I thought it one of the worst speeches in modern memory. Not only was it long on empty boilerplate, it was scrubbed clean of anything memorable or forthright. It also flirted shamelessly with incoherence. You can find the text of the whole speech here. I’d like to concentrate on the opening few paragraphs and add a few words about the denouement, such as it was, of the performance.  “Tonight,” the president began, “I’d like to talk to you about the end of our combat mission in Iraq, the ongoing security challenges we face, and the need to rebuild our nation here at home.” OK. Three items: the war, security threats, the dismal economic situation here in the U.S. Then what?

I know this historic moment comes at a time of great uncertainty for many Americans. We have now been through nearly a decade of war. We have endured a long and painful recession. And sometimes in the midst of these storms, the future that we are trying to build for our nation – a future of lasting peace and long-term prosperity may seem beyond our reach.

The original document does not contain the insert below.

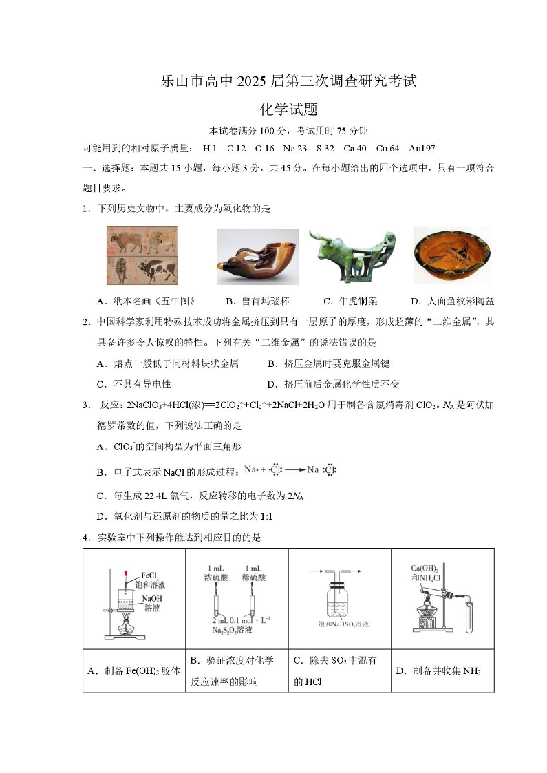 四川省乐山市2025届高三下学期第三次调查研究考试化学

But this milestone should serve as a reminder to all Americans that the future is ours to shape if we move forward with confidence and commitment. It should also serve as a message to the world that the United States of America intends to sustain and strengthen our leadership in this young century.

Notice the gap or chasm between these two paragraphs: “a future of lasting peace and long-term prosperity” that “may seem beyond our reach” followed by  . . . what? A “milestone”? What milestone? “A future of lasting peace,” etc. that may seem “beyond our reach”? Or was it the “storms” of the Iraq war and economic stagnation? Are they the “milestone”? Why, whatever it is, should that marker remind us (“all Americans”!) of anything, let alone that “the future is ours to shape if we move forward with confidence and commitment”? Is that really any better than Roderick Spode’s assurance (in The Code of the Woosters, I think) that “Nothing stands between us and our victory except defeat! Tomorrow is a new day! The future lies ahead!”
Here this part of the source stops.